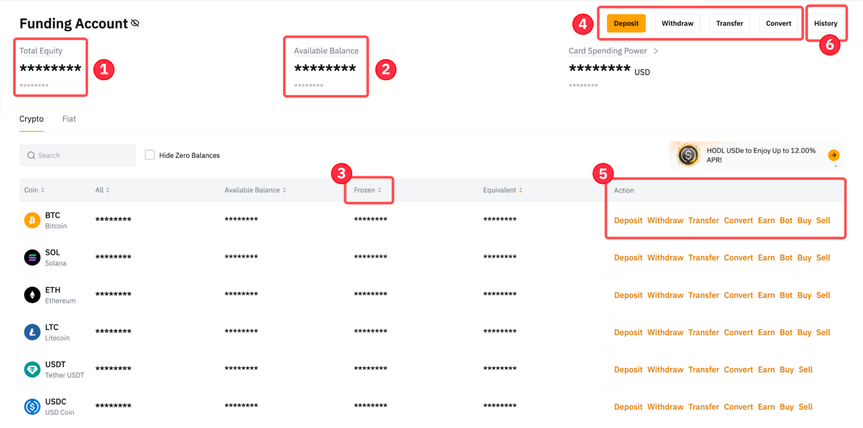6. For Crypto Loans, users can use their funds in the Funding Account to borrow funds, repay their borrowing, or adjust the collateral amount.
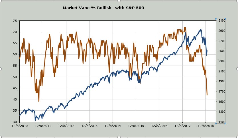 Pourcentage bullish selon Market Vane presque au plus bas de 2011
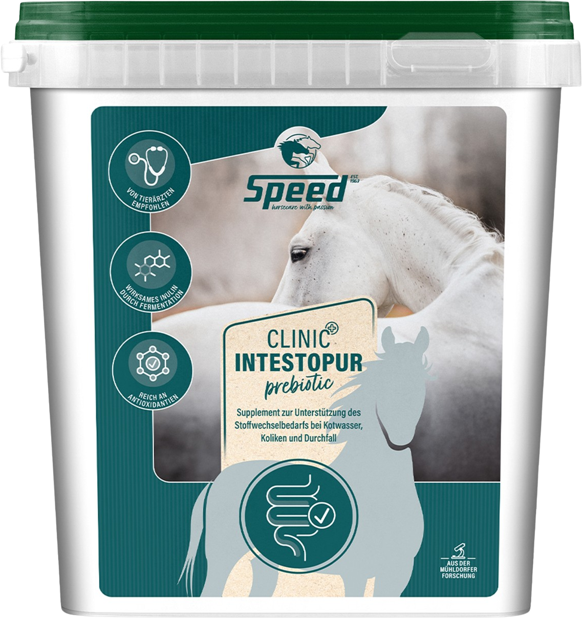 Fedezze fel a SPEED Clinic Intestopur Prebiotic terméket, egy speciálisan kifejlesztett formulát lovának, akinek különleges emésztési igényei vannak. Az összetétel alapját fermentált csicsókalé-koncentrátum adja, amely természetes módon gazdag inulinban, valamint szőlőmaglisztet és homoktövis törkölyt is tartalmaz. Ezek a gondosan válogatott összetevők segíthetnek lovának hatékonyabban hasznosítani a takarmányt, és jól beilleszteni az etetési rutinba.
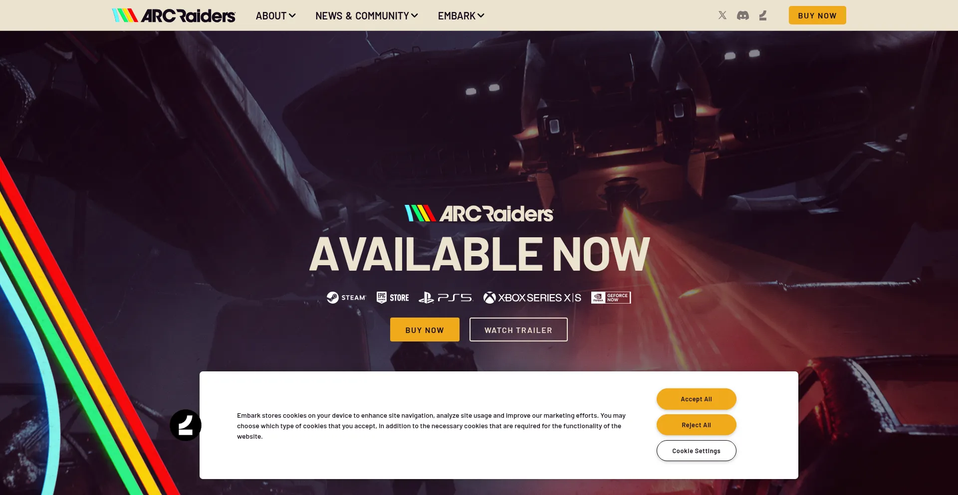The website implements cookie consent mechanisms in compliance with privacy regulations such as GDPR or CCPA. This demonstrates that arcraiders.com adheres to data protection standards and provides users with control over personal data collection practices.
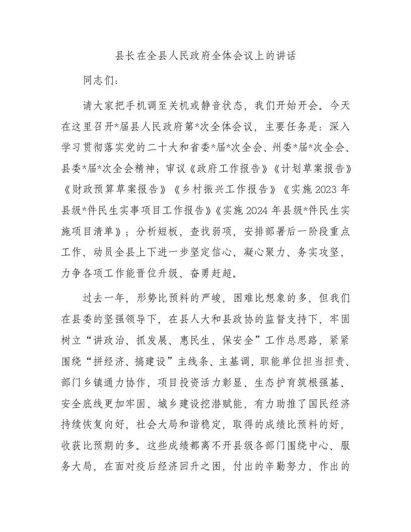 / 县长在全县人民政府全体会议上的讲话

______________________________

TASK TO COMPLETE – Produce a verbatim copy of every entry, excluding pictures.

OUTPUT FOR THIS EXERCISE –
6. For Crypto Loans, users can use their funds in the Funding Account to borrow funds, repay their borrowing, or adjust the collateral amount.
 Pourcentage bullish selon Market Vane presque au plus bas de 2011
 Fedezze fel a SPEED Clinic Intestopur Prebiotic terméket, egy speciálisan kifejlesztett formulát lovának, akinek különleges emésztési igényei vannak. Az összetétel alapját fermentált csicsókalé-koncentrátum adja, amely természetes módon gazdag inulinban, valamint szőlőmaglisztet és homoktövis törkölyt is tartalmaz. Ezek a gondosan válogatott összetevők segíthetnek lovának hatékonyabban hasznosítani a takarmányt, és jól beilleszteni az etetési rutinba.
The website implements cookie consent mechanisms in compliance with privacy regulations such as GDPR or CCPA. This demonstrates that arcraiders.com adheres to data protection standards and provides users with control over personal data collection practices.
 / 县长在全县人民政府全体会议上的讲话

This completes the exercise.